- US picture sleeve

Single by the Rolling Stones

from the album The Rolling Stones
- B-side: "I Just Want to Make Love to You"
- Released: 12 June 1964 (US)
- Recorded: January–February 1964
- Studio: Regent Sound, London
- Genre: Pop rock; Merseybeat;
- Length: 4:05 (album version); 2:47 (single version)
- Label: London
- Songwriter: Jagger/Richards
- Producer: Andrew Loog Oldham

The Rolling Stones US singles chronology
| "Not Fade Away" (1964) | "Tell Me" (1964) | "It's All Over Now" (1964) |

= Tell Me (Rolling Stones song) =

"Tell Me (You're Coming Back)" is a song by the English rock band the Rolling Stones, featured on their 1964 self-titled album (subtitled and often called England's Newest Hit Makers in the US). It became the first A-side single written by Jagger/Richards to be released, although not in the United Kingdom. The single reached number 24 in the United States (becoming their first top 40 hit there) and the top 40 in several other countries.

==Background==
Written by singer Mick Jagger and guitarist Keith Richards, "Tell Me" is a pop ballad. In a song review for AllMusic, critic Richie Unterberger commented, "It should be pointed out ... that the Rolling Stones, even in 1964, were more versatile and open toward non-blues-rooted music than is often acknowledged by critics." The Rolling Stones' two previous singles bear out this observation: one had been the Lennon–McCartney-penned "I Wanna Be Your Man" (later recorded by the Beatles as well); another was Buddy Holly's "Not Fade Away".

Jagger said in a 1995 interview with Rolling Stone magazine: "['Tell Me'] is very different from doing those R&B covers or Marvin Gaye covers and all that. There's a definite feel about it. It's a very pop song, as opposed to all the blues songs and the Motown covers, which everyone did at the time."

The song's lyrics are a glimpse of a failed relationship and the singer's attempt to win back the girl's love:

I want you back again
I want your love again
I know you find it hard to reason with me
But this time it's different, darling, you'll see

Unterberger notes, "When [Jagger and Richards] began to write songs, they were usually not derived from the blues, but were often surprisingly fey, slow, Mersey-type pop numbers ... 'Tell Me' was quite acoustic-based, with a sad, almost dispirited air. After quiet lines about the end of the love affair, the tempo and melody both brighten".

==Recording and release==
"Tell Me" was recorded in London in January and February 1964; versions both with and without Ian Stewart's piano were cut. Jagger said: "Keith was playing 12-string and singing harmonies into the same microphone as the 12-string. We recorded it in this tiny studio in the West End of London called Regent Sound, which was a demo studio. I think the whole of that album was recorded in there."
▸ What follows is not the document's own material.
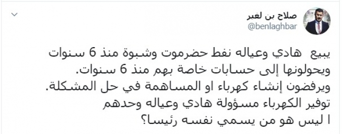 وكتب لغبر عبر تغريدة له على "تويتر" رصدها " المشهد العربي":"يبيع هادي وعياله نفط حضرموت وشبوة منذ 6 سنوات ويحولونها إلى حسابات خاصة بهم منذ 6 سنوات".

Richards said in a 1971 interview with Rolling Stone, "'Tell Me' ... was a dub. Half those records were dubs on that first album, that Mick and I and Charlie and I'd put a bass on or maybe Bill was there and he'd put a bass on. 'Let's put it down while we remember it,' and the next thing we know is, 'Oh look, track 8 is that dub we did a couple months ago.' That's how little control we had."
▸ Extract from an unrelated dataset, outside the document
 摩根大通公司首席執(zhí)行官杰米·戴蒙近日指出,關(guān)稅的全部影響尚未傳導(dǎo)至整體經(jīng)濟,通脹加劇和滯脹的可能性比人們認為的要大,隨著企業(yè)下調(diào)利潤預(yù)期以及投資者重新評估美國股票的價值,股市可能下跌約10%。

Early pressings of the UK release of the debut album mistakenly included the piano-less version of "Tell Me" (the 2:52 version); all subsequent releases have featured the version with piano. The full-length (4:05 or 4:06) recording of this piano version, which appeared on the standard UK LP after the mistake was corrected, has an abrupt ending before the performance of the song finishes. Most other LP and CD versions of the UK debut album – as well as the Stones' debut US album, originally subtitled but later officially called England's Newest Hit Makers – contain an edited version of this recording, which fades out at around 3:48.

In June 1964, a much shorter edit of "Tell Me", 2:47 in duration, was released as a single in the United States and peaked at number 24 for two weeks, lasting on the Billboard Hot 100 for a total of 10 weeks. Cash Box described it as "a haunting rock-a-cha-cha that picks up steam each time around." The B-side was a cover of the Willie Dixon song "I Just Wanna Make Love to You". In The Netherlands, the full-length recording with the abrupt ending was released as a single in October 1964, peaking at number 3 in the music charts. A cover of Chuck Berry's "Come On" was on the B-side.
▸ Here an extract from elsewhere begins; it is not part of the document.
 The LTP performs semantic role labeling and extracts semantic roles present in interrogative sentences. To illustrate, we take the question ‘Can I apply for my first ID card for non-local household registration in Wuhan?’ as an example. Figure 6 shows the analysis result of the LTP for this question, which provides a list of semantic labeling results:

The "Tell Me" single was re-released on various Rolling Stones compilation albums, including Big Hits (High Tide and Green Grass), More Hot Rocks (Big Hits & Fazed Cookies), and Singles Collection: The London Years. On most compilations, the 3:48 edit has been used, rather than the 2:47 single edit. For example, although the 1989 edition of Singles Collection: The London Years had the single edit, the 2002 edition has the longer version.

The song was featured in Martin Scorsese's 1973 film Mean Streets.

==Personnel==
According to authors Philippe Margotin and Jean-Michel Guesdon.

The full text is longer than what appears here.